TwistedWeb on multi-core / multi-processor

Question

TwistedWeb on multi-core / multi-processor

What methods are used to use multiple processors / cores when starting a TwistedWeb server? Is there a recommended way to do this?

My twisted.web-based web service runs on Amazon EC2 instances, which often have multiple processor cores (8, 16) and the type of work that the service takes advantage of the extra computing power, so I would really like to use this.

I understand that before several instances of Twisted, you can use haproxy, squid, or a web server configured as a reverse proxy. In fact, we currently use this setting, with nginx acting as a reverse proxy to several upstream twisted.web services running on the same host, but each on a different port.

This works fine, but I'm really interested, this is a solution in which there is no “front-end” server, but all twist processes are somehow tied to the same socket and accept requests. Is it even possible ... or am I crazy? Linux operating system (CentOS).

Thank.

Anton.

+17

twisted multiple-instances twisted.web

Orange Juce Apr 09 '12 at 18:17

source share

3 answers

The recommended way IMO should use haproxy (or another load balancer), as you already know, the load balancer should not be a bottleneck if it is configured correctly. In addition, you will need some fallover method that haproxy provides in case one of your processes goes down.

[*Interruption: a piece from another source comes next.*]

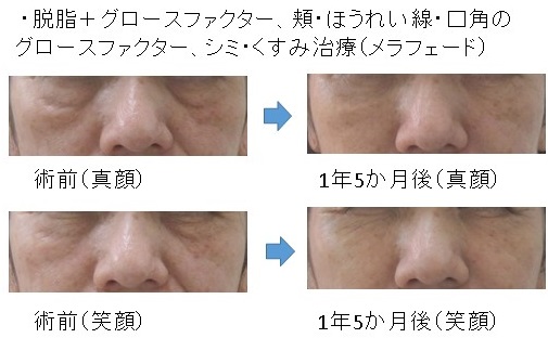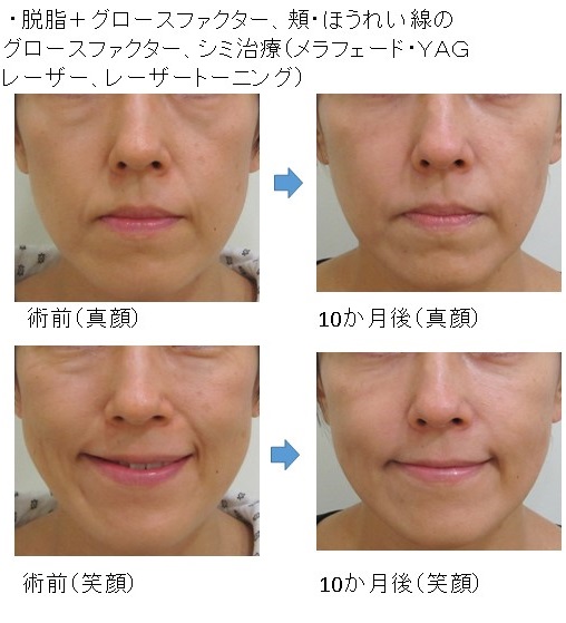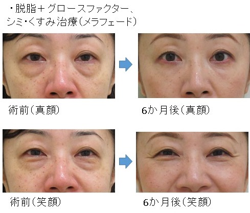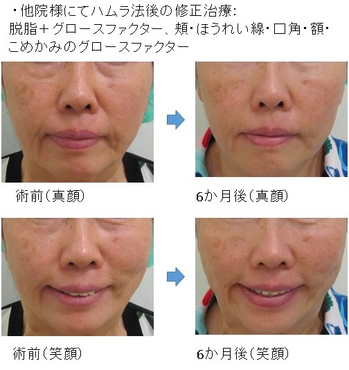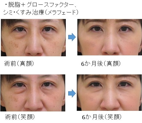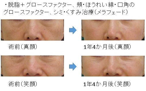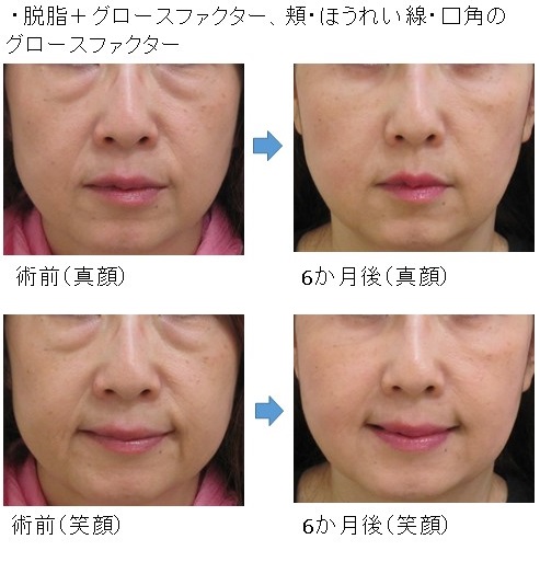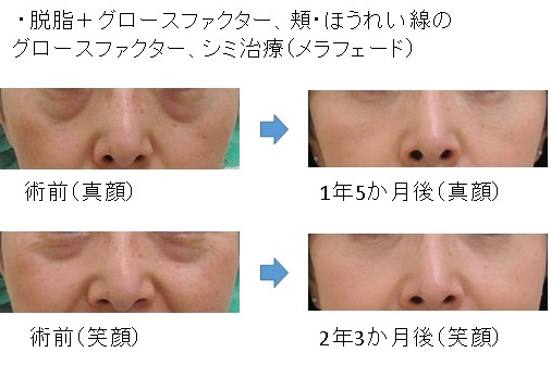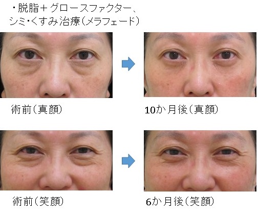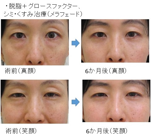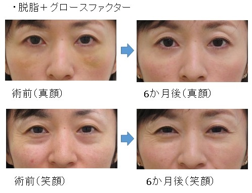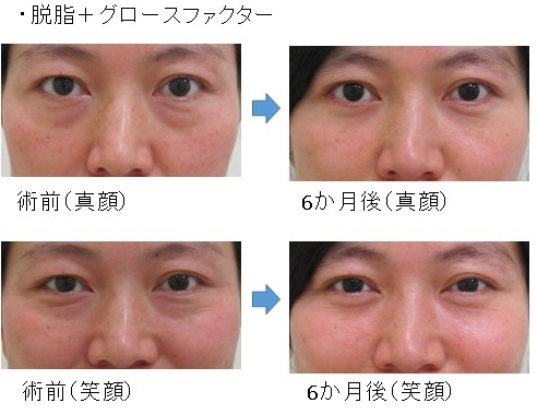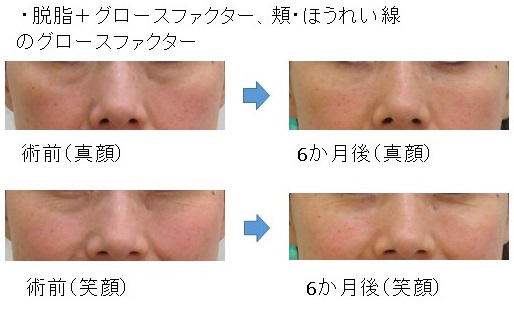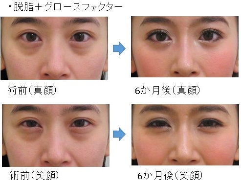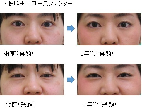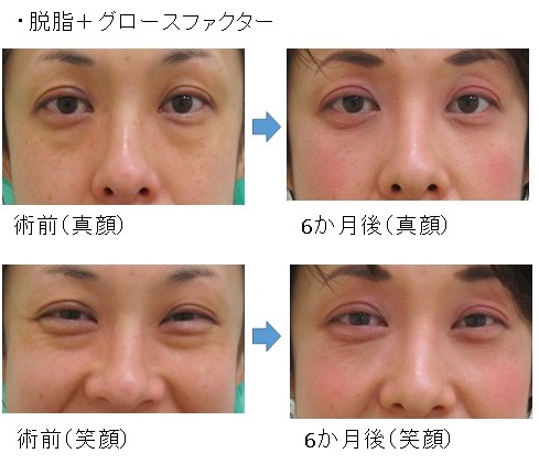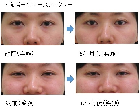 「脱脂+グロースファクター後」に「笑った時だけにできる目の下のふくらみ」が残った例

It is not possible to bind multiple processes to the same TCP socket, but this is possible using UDP.

+3

Ian Wetherbee Apr 09 '12 at 18:35

source share

If you also want to serve your web content via HTTPS, this is what you need to do in addition to the @ Jean-Paul snippet.

 from twisted.internet.ssl import PrivateCertificate from twisted.protocols.tls import TLSMemoryBIOFactory ''' Original snippet goes here .......... ............... ''' privateCert = PrivateCertificate.loadPEM(open('./server.cer').read() + open('./server.key').read()) tlsFactory = TLSMemoryBIOFactory(privateCert.options(), False, factory) reactor.adoptStreamPort(fd, AF_INET, tlsFactory)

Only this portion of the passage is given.